*Exercise input*:
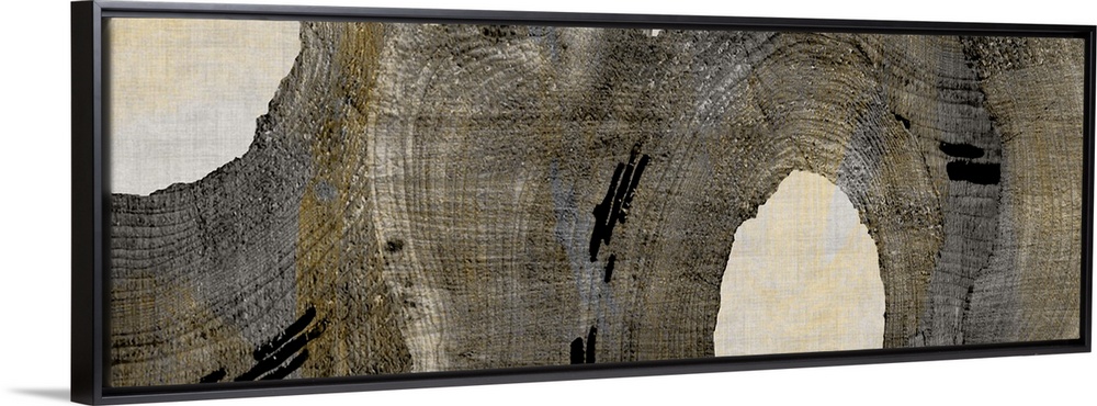 <p>Abstract artwork in brown shades made from cross sections of tree trunks.</p>
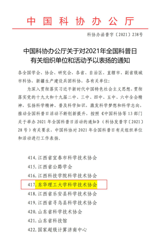 近日,中国科协办公厅发文,对2021年全国科普日有关组织单位和活动予以表扬,我校科协获评“优秀组织单位”(全省唯一)。
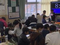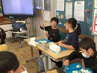 4年生「算数」の様子です。小数のかけ算の学習をしていました。4.5×3の求め方についてみんなで考えていました。問題文には、4.5Lとあるので、45dLにすると整数の知識を使って計算できます。このことに気付き、学びを深めていました。知っている知識を活用する、算数の大切な学び方ができていました。
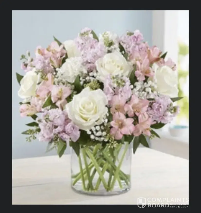 Desired outcome: Full refund including 1 year of free shipping. Replacement of the flowers as a gesture of goodwill. A note of apology to the recipient from 1.800!!!
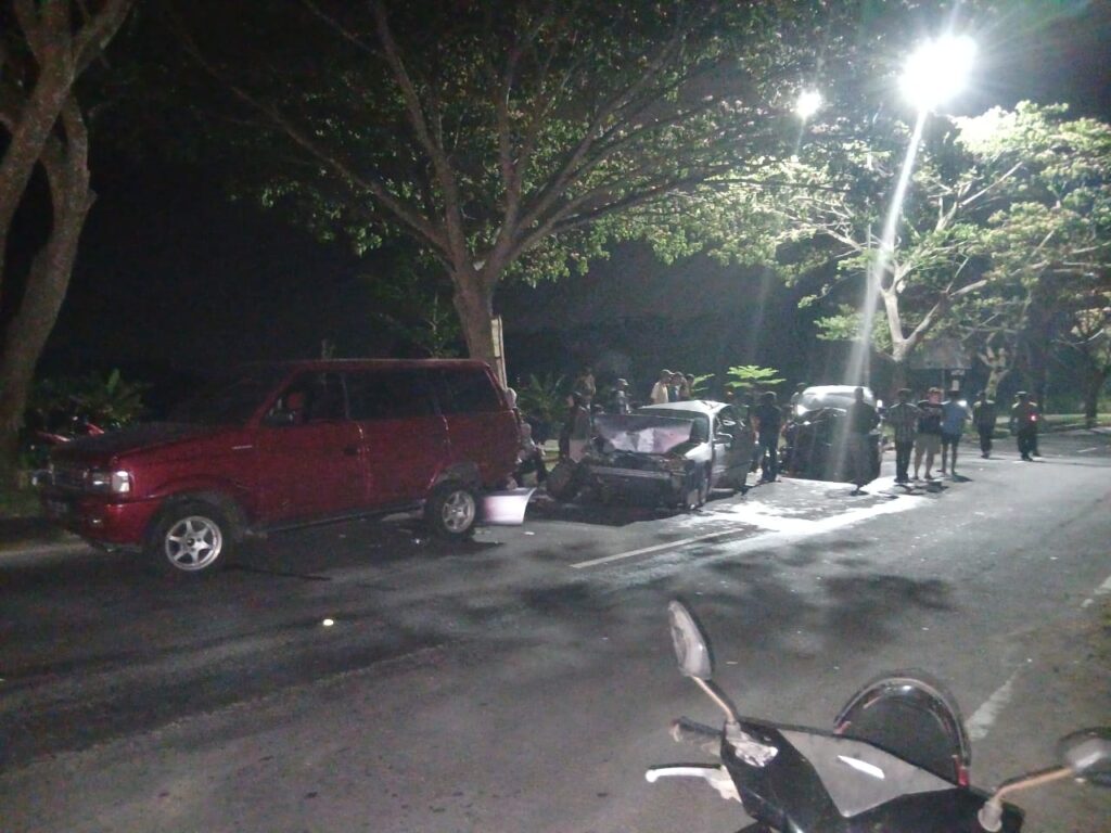 Lombokdaily.net -Kecelakaan beruntun terjadi di ruas Jalan Raya Dusun Waker Ketapang, Desa Penujak, Kecamatan Praya Barat Daya, Lombok Tengah, pada Minggu (28/9). Tiga unit kendaraan terlibat dalam insiden ini, yaitu Toyota Innova Reborn, Honda Accord, dan Isuzu Panther.
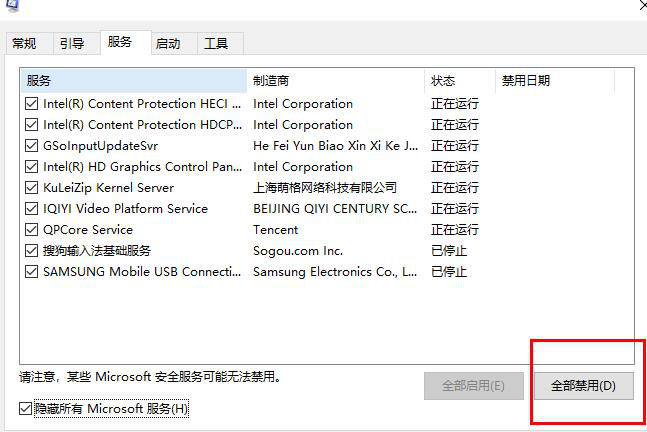 3、点击“服务”,勾选“隐藏所有 Microsoft服务”
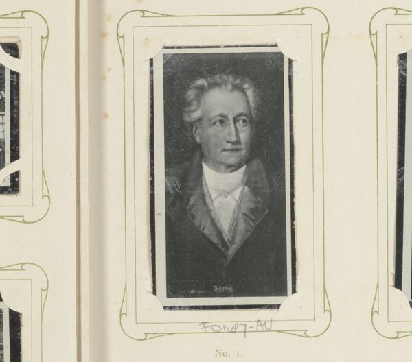 Curator: Here we have a piece entitled "Portret van een oude man met bakkebaarden," or "Portrait of an old man with sideburns" created between 1883 and 1887. It's currently housed here at the Rijksmuseum. Editor: It’s arresting. The sepia tone gives it a somber gravitas, and the oval format, encased in a rectangular frame, creates a kind of window onto another time. It has an interesting composition. Curator: Indeed. Focusing on its formal properties, observe the contrasting geometry—the sharp rectilinear border that highlights the organic, softer oval containing the portrait. The subtle tonality allows a fine examination of line and texture, revealing the character through light and shadow. Editor: Yes, and the portrait itself presents a fascinating iconography. The man’s face, etched with wrinkles, speaks of endurance and wisdom. The slightly askew tie and the formal coat suggest a person who respects convention, but also perhaps has a touch of rebellious individuality. The sideburns suggest virility, strangely. Curator: A potent observation. Considering the context of photographic portraits in the late 19th century, the symmetry, controlled lighting, and pose direct our attention to the planes and surfaces of the face. Editor: The sideburns might also point to a link with military service or some past involvement with formal, traditional structures. There's a sense of history embedded in those whiskers. He appears somewhat melancholy and has the air of someone who's witnessed significant change. Curator: This is wonderfully illustrated by the juxtaposition of linear formality against the flowing lines of hair, visually presenting the conflict between tradition and nature itself. The sepia lends an essential classical quality to the surface and provides structural unity. Editor: It resonates. I see this and imagine stories of his past—triumphs, heartbreaks, evolving technology… The past whispers secrets from this one carefully framed face. Curator: The piece becomes more profound with such considerations. Analyzing the compositional elements alongside historical context elevates it from mere image to a powerful expression of time and the human condition. Editor: Absolutely, considering it as both artifact and representation enriches our understanding, bringing us closer to both art and life.
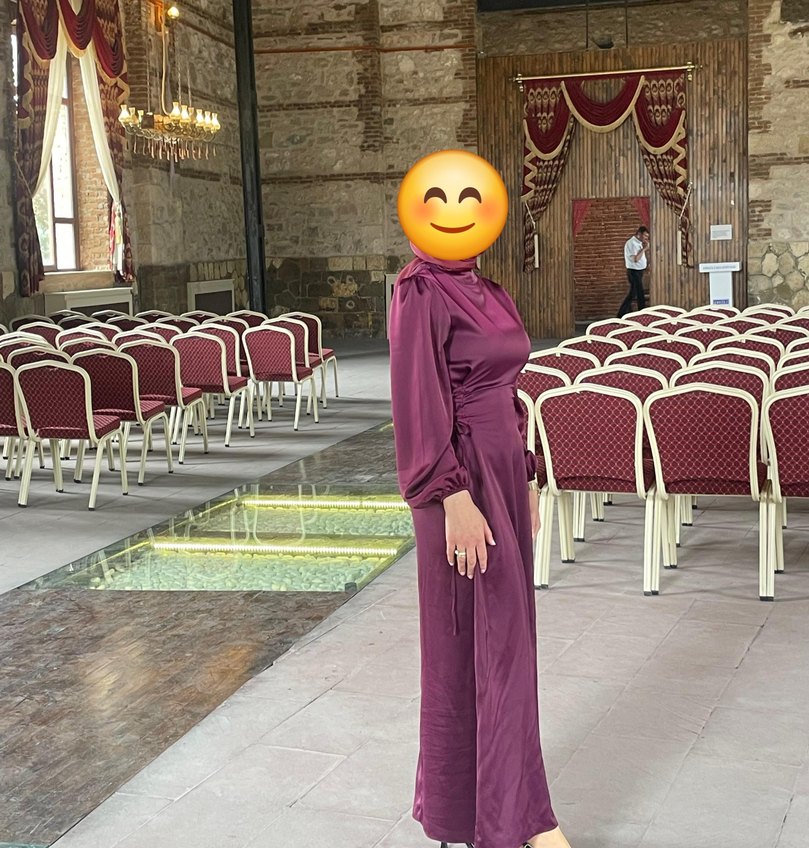 Bordo renginde, uzun kollu ve yüksek yakalı, ipeksi dokuda drapeli uzun ve vücuda oturan elbise. Romantik akşamlar için uygundur. pazarlık vardır
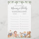 nursery rhymes themed baby shower how old were they game card features a watercolor safari animals illustration and watercolor greenery eucalyptus garland and elegant handwritten style font.
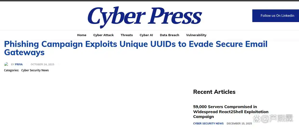 已有研究关注钓鱼URL的混淆技术,如短链接、Unicode同形异义字、参数污染等。Cofense(2025)首次报告了利用UUID绕过SEG的案例,指出攻击者使用硬编码域名列表与双UUID(campaign + session)机制。然而,现有文献多停留在现象描述,缺乏对攻击链完整建模与系统性防御方案的探讨。本文填补此空白。
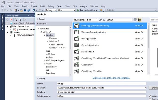 You will need to update Visual Studio. Install Update 3 from the Extensions and Update dialog in Visual Studio. Also you need to install Universal Windows App Development Tools in Visual Studio if not already installed. Download and install Windows IoT Core Project Templates from the following link .// https//marketplace.visualstudio.com/items?itemName=MicrosoftIoT.WindowsIoTCoreProjectTemplates //.

*What is expected*:
Except for the pictures, copy the material above exactly.

*Output of the exercise*:
 <p>Abstract artwork in brown shades made from cross sections of tree trunks.</p>
 近日,中国科协办公厅发文,对2021年全国科普日有关组织单位和活动予以表扬,我校科协获评“优秀组织单位”(全省唯一)。
 4年生「算数」の様子です。小数のかけ算の学習をしていました。4.5×3の求め方についてみんなで考えていました。問題文には、4.5Lとあるので、45dLにすると整数の知識を使って計算できます。このことに気付き、学びを深めていました。知っている知識を活用する、算数の大切な学び方ができていました。
 Desired outcome: Full refund including 1 year of free shipping. Replacement of the flowers as a gesture of goodwill. A note of apology to the recipient from 1.800!!!
 Lombokdaily.net -Kecelakaan beruntun terjadi di ruas Jalan Raya Dusun Waker Ketapang, Desa Penujak, Kecamatan Praya Barat Daya, Lombok Tengah, pada Minggu (28/9). Tiga unit kendaraan terlibat dalam insiden ini, yaitu Toyota Innova Reborn, Honda Accord, dan Isuzu Panther.
 3、点击“服务”,勾选“隐藏所有 Microsoft服务”
 Curator: Here we have a piece entitled "Portret van een oude man met bakkebaarden," or "Portrait of an old man with sideburns" created between 1883 and 1887. It's currently housed here at the Rijksmuseum. Editor: It’s arresting. The sepia tone gives it a somber gravitas, and the oval format, encased in a rectangular frame, creates a kind of window onto another time. It has an interesting composition. Curator: Indeed. Focusing on its formal properties, observe the contrasting geometry—the sharp rectilinear border that highlights the organic, softer oval containing the portrait. The subtle tonality allows a fine examination of line and texture, revealing the character through light and shadow. Editor: Yes, and the portrait itself presents a fascinating iconography. The man’s face, etched with wrinkles, speaks of endurance and wisdom. The slightly askew tie and the formal coat suggest a person who respects convention, but also perhaps has a touch of rebellious individuality. The sideburns suggest virility, strangely. Curator: A potent observation. Considering the context of photographic portraits in the late 19th century, the symmetry, controlled lighting, and pose direct our attention to the planes and surfaces of the face. Editor: The sideburns might also point to a link with military service or some past involvement with formal, traditional structures. There's a sense of history embedded in those whiskers. He appears somewhat melancholy and has the air of someone who's witnessed significant change. Curator: This is wonderfully illustrated by the juxtaposition of linear formality against the flowing lines of hair, visually presenting the conflict between tradition and nature itself. The sepia lends an essential classical quality to the surface and provides structural unity. Editor: It resonates. I see this and imagine stories of his past—triumphs, heartbreaks, evolving technology… The past whispers secrets from this one carefully framed face. Curator: The piece becomes more profound with such considerations. Analyzing the compositional elements alongside historical context elevates it from mere image to a powerful expression of time and the human condition. Editor: Absolutely, considering it as both artifact and representation enriches our understanding, bringing us closer to both art and life.
 Bordo renginde, uzun kollu ve yüksek yakalı, ipeksi dokuda drapeli uzun ve vücuda oturan elbise. Romantik akşamlar için uygundur. pazarlık vardır
 nursery rhymes themed baby shower how old were they game card features a watercolor safari animals illustration and watercolor greenery eucalyptus garland and elegant handwritten style font.
 已有研究关注钓鱼URL的混淆技术,如短链接、Unicode同形异义字、参数污染等。Cofense(2025)首次报告了利用UUID绕过SEG的案例,指出攻击者使用硬编码域名列表与双UUID(campaign + session)机制。然而,现有文献多停留在现象描述,缺乏对攻击链完整建模与系统性防御方案的探讨。本文填补此空白。
 You will need to update Visual Studio. Install Update 3 from the Extensions and Update dialog in Visual Studio. Also you need to install Universal Windows App Development Tools in Visual Studio if not already installed. Download and install Windows IoT Core Project Templates from the following link .// https//marketplace.visualstudio.com/items?itemName=MicrosoftIoT.WindowsIoTCoreProjectTemplates //.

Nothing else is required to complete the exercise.